Jon Savage wrote a history of punk called "England's Dreaming", which was a tiny bible for me in the mid-Nineties. I have time for him. But I'm not sure you could call this a secret history - Joy Division, Wire, The Human League, Cabaret Voltaire, Subway Sect: not exactly hidden from the gaze of music lovers across the ages. But then he was there and I wasn't, so hush my mouth, I guess.
There are plenty that I know nothing about, mind. After the familiar intense flavours of Pere Ubu and "Heart of Darkness" have opened up this can of post-punk worms comes "Chromosome Damage" by Chrome. It's a post-Stooges, rattling drums and vaguely Jaggeresque vocals recorded in some garage or other before after a minute and a half or so it fades out to be replaced by monstrous squelching electronics then a backward guitar wail. It's a garage, but one of those garages in which people do dangerous experiments. The DNA of the garage rock is indeed damaged, xeroxed and mutated. Nice.

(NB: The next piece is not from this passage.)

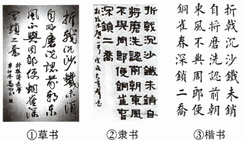 1. 三名同学根据自己对《赤壁》一诗的理解,写了以下三幅书法作品。你认为哪幅书法作品更能体现诗歌精髓?请说明理由。(提示:可从书体特点、诗歌的内容与思想情感的角度入手)(3 分)
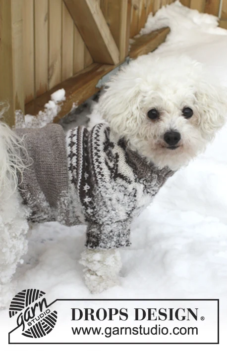 Neulottu DROPS koiran pusero ”Karisma” -langasta, jossa norjalainen kuvio. Koko XS-L.

Nigel Simpkins is up next - "Times Encounter": a cut-up piece with two antagonist drum tracks and everything else he felt like. There are African choirs, sitars, and then it's gone. Very promising so far. Veerrryyyy promising. File Under Pop were released by Rough Trade (good title for a record shop, I s'pose) and "Heathrow" is an uptight English thing that starts with stabbing guitar and no rhythm and then becomes some ambient noises. The whip of the tape recorded features heavily, but not as heavily as the irony: not to be filed under pop.
Subway Sect angle with their guitars, sharp-eyed frets attacking from out of the sun. Kleenex were Swiss and their post-punk was quite efficient; a kind of Swiss Slits - Swits? Plenty of pop buzz thrill. The Prefects are well-named; they brood with unloved, grammar school intensity. I've just found out they became The Nightingales: they were good. MARS clatter in with "3E" from their New York arthole. I don't know Rosa Yemen but she sounds confrontational fun. Her track, "Herpes Simplex", begins with a bicycle pump noise and then Francophonic shouting about lips and tongue; "Fuck you/Fuck you."
We can move past the immortal Wire and the tragically-mortal Joy Division to Cabaret Voltaire. I'm sure I remember seeing them on John Craven's Newsround back in that day. "Partially Submerged" is genuinely woozy music. The Human League track is from the back end of the "Reproduction" album that sounds less about the "Dignity of Labour" and more about the indignity of early Eighties kid's TV. AC Marias have the deadpan Eighties business down smooth; "Drop" stalks like a balding panther, posh mumble and "a fear of flying" over demonically echoing guitar. Must be the period when women were the most "normal" in rock.
After the posh mumble, there's some North American nasal screaming on "Caucasian Guilt" by Noh Mercy: they're against it. "I never took no Indian land/...I'm ready for a brand new race/One concerned with the way you move/Not the arrangement of your face". Urinals' "Sex" is back to the garage. So far back I'm not sure where the "post" finds the "punk" unless it's meant in a purely chronological sense. By the time of The Method Actors ("Do the Method"), the germs of REM and The Replacements and Husker Du and all that college rock jangle are peeking from the soil.
Rema Rema and their tune "Rema Rema" puts me in mind of The Fall, that same grumpy bass sound, that same unstopping locomotion. Judy Nylon isn't a million miles away either - a touch more Bohemian. There's a narrative about something in a breathy voice that I can't quite follow, something about being sent to jail, about a barely-functional squealing backdrop. DNA's "Blonde Red Head" and This Heat's "A New Kind of Water" leave everything nicely unhinged for the close.
A record collection put to good use.